Whinger or investor rights campaigner? Views of China Gas depend on whether you are ENN Energy and Sinopec, its hostile suitors, or those it claims are affected by an “unreasonable” deal timetable (three months, no absolute offer, and counting). China’s first hostile bid by a state-owned enterprise for a domestic company has quickly adopted international dealmakers’ familiar PR gambits. But its Chinese element adds a new, untested dimension.
Sinopec and ENN Energy launched a HK$3.50-a-share offer for 50.1 per cent of China Gas in mid-December, valuing the target at over $2bn. The offer is conditional on a nod from the ministry of commerce. This has restrained the hostile suitors from a determined wooing. It is China Gas, however, that claims to be the most upset: it has described the wait – common to all China takeovers – as “unreasonable” for its upset workers and for shareholders. It has used the time to prepare its defence: some of its closest friends, including London’sFortune Oil, have been busy boosting their stakes (Fortune now owns 14 per cent). This has helped push China Gas’s shares to almost HK$3.80.

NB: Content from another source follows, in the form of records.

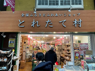 途中ご説明いただいたスポットは3か所あります。まずは旧街道のアーケードを入ってすぐの場所にある、戦前からある私設市場で生鮮3品や焼き鳥店が入る「だるま市場」。次は、振興組合直営のアンテナショップ「とれたて村」です。全国8自治体から地元産品を調達しています。振興組合が空き店舗を賃借し2005年に立ち上げました。店長以下7名の従業員を雇用しています。 3つ目はシェアキッチン「かめやキッチン」です。様々な飲食事業者が日替わりで出店するチャレンジショップの一種で、視察時は「三口一品キムチ専門店」が商品を並べていました。元は履物屋「かめや」の建物で、振興組合100%子会社「まちづくり大山みらい株式会社」が、空き家活用事業(アキサポ)を手掛ける株式会社ジェクトワンと連携の上、2020年に開業しました。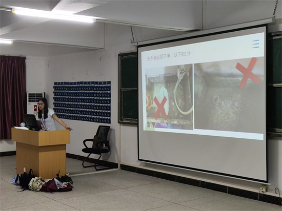 随后,学生会综合实践部干部针对“宿舍卫生内务整理标准”进行了细致讲解,结合日常检查中的常见问题,通过图文并茂的课件展示,将抽象标准转化为具体可参照的“标尺”,帮助同学们清晰掌握宿舍卫生内务整理的要点与规范。会议号召同学们要规范作息时间,保障睡眠,严格按照内务标准,落实卫生制度,遵守相关安全规定,杜绝违规用电和使用违禁物品。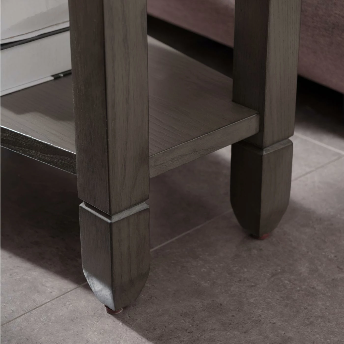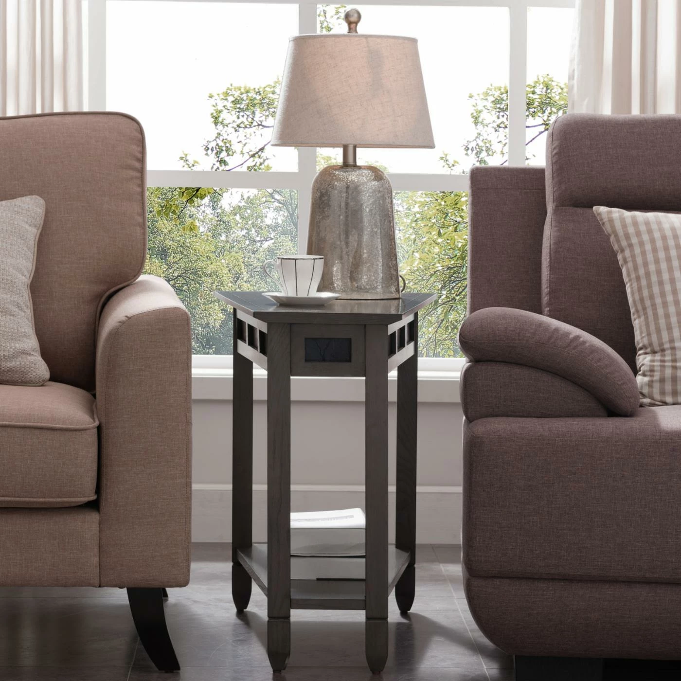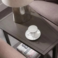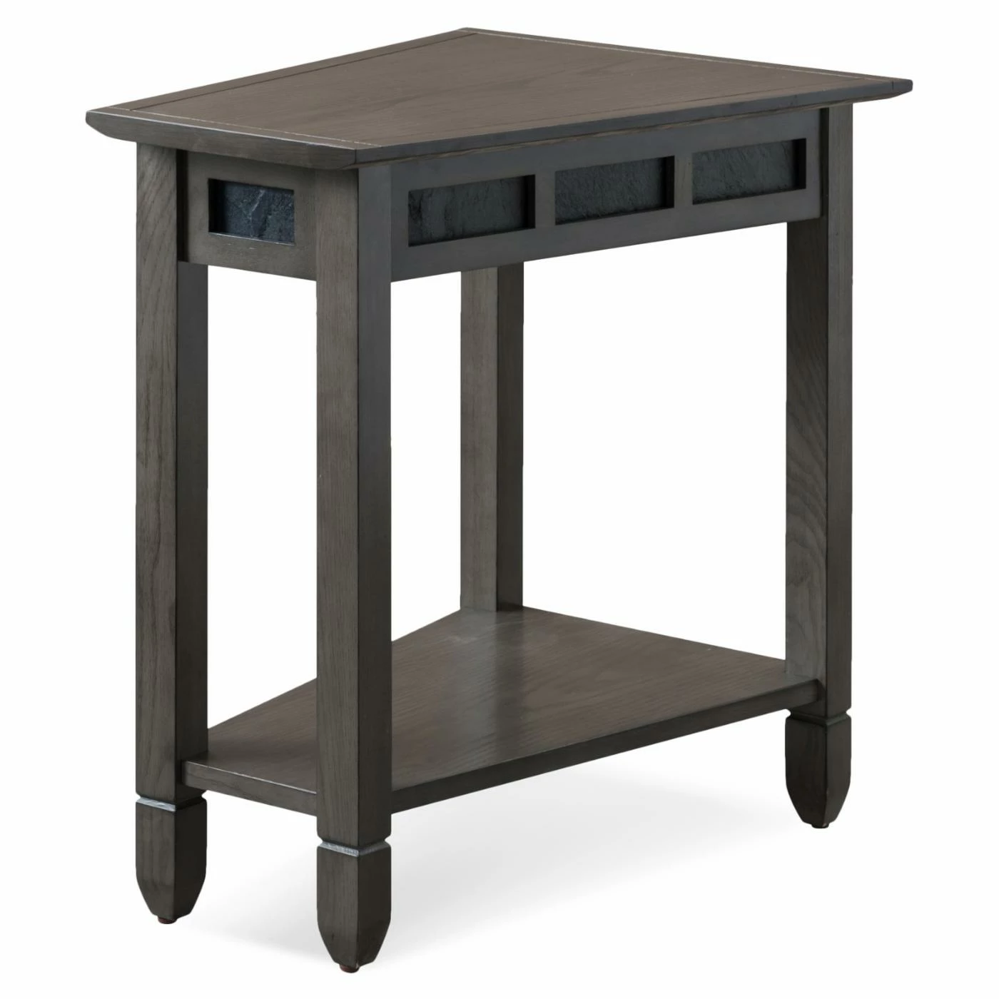 With its triangular shape and smaller scale, the Leick Home Wedge Table fits neatly between two chairs or beside your sofa. This wedge table is scaled to fit compact spaces and designed to make the most of it. It’s built of oak wood and finished in smoke gray with natural black slate details that lend a mission style.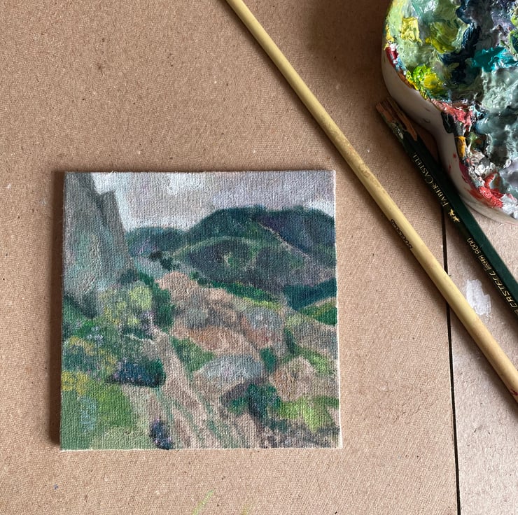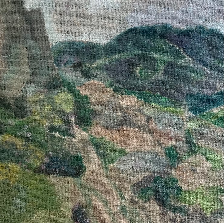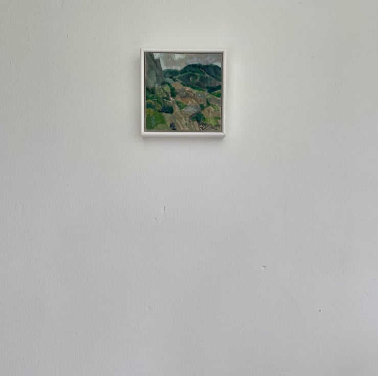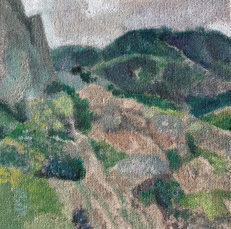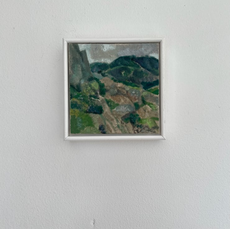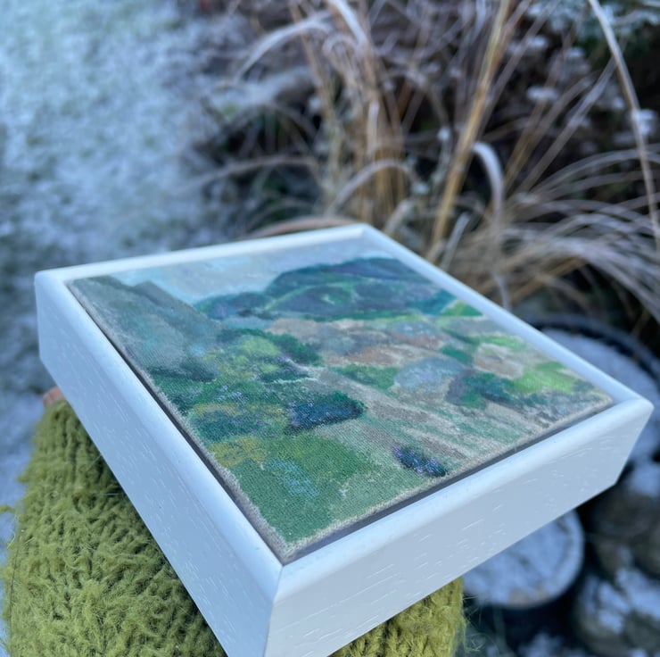 This is a painting of the top of Haystacks in the Lake District UK. I favourite walking spot for me and my family. Its is painted on linen and framed in a simple, white frame.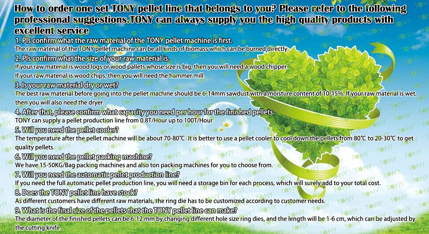 How to use the TONY pellet production line to make pellets from dried sawdust? The process mainly includes the following steps and equipment: 1. Use TONY vertical ring die pellet machine to produce pellets with a diameter of 6-8 mm. 2. Use TONY galvanized pellets cooler to cool the pellets from 80-90°C to 20-30°C. 3. Use TONY semi - automatic packing machine to pack the pellets into bags, each weighing 15-50 kg. For more detailed information and quotations, you can contact TONY. TONY can provide all the above - mentioned products at highly competitive prices and with excellent quality. |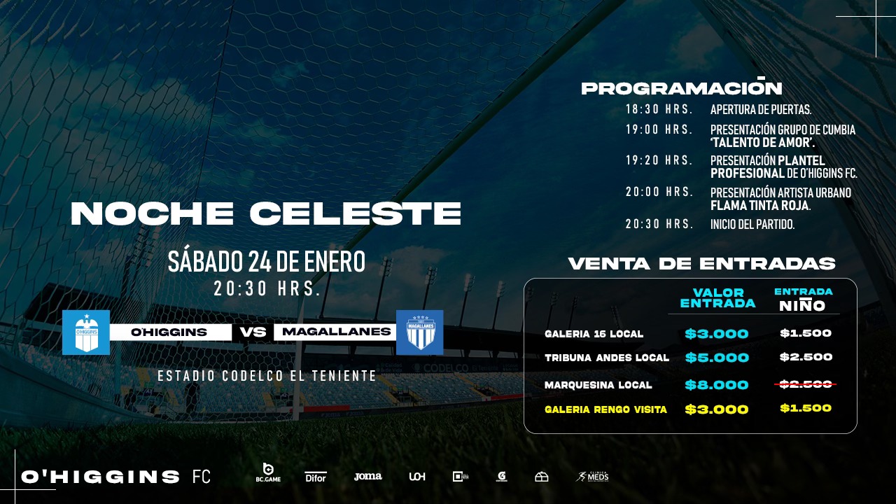 O’Higgins FC realizará una nueva edición de la “Noche Celeste” en el Estadio Codelco El Teniente, instancia que combinará espectáculos musicales, la presentación oficial del plantel profesional y un encuentro frente a Magallanes, como parte de la antesala deportiva de la temporada.

ENN and Sinopec maintain their offer is “fair value” (bidspeak for “hmmm”). The deal has logic. Sinopec has interests in liquefied natural gas but lacks China Gas’s urban distribution network. ENN is big and growing in this field. But there are costs: while Sinopec can cover its stake out of free cash flow, ENN risks losing its investment grade rating. In December, the offer represented a 25 per cent premium and caught China Gas at a moment of weakness: founder Liu Minghui was jailed in 2010 and investigated for embezzlement. He has since been released. The suitors cannot raise their offer, if they wanted to, until Beijing decides. This could take months. Plenty of time for them to fight back in other ways, however – if, of course, they want to.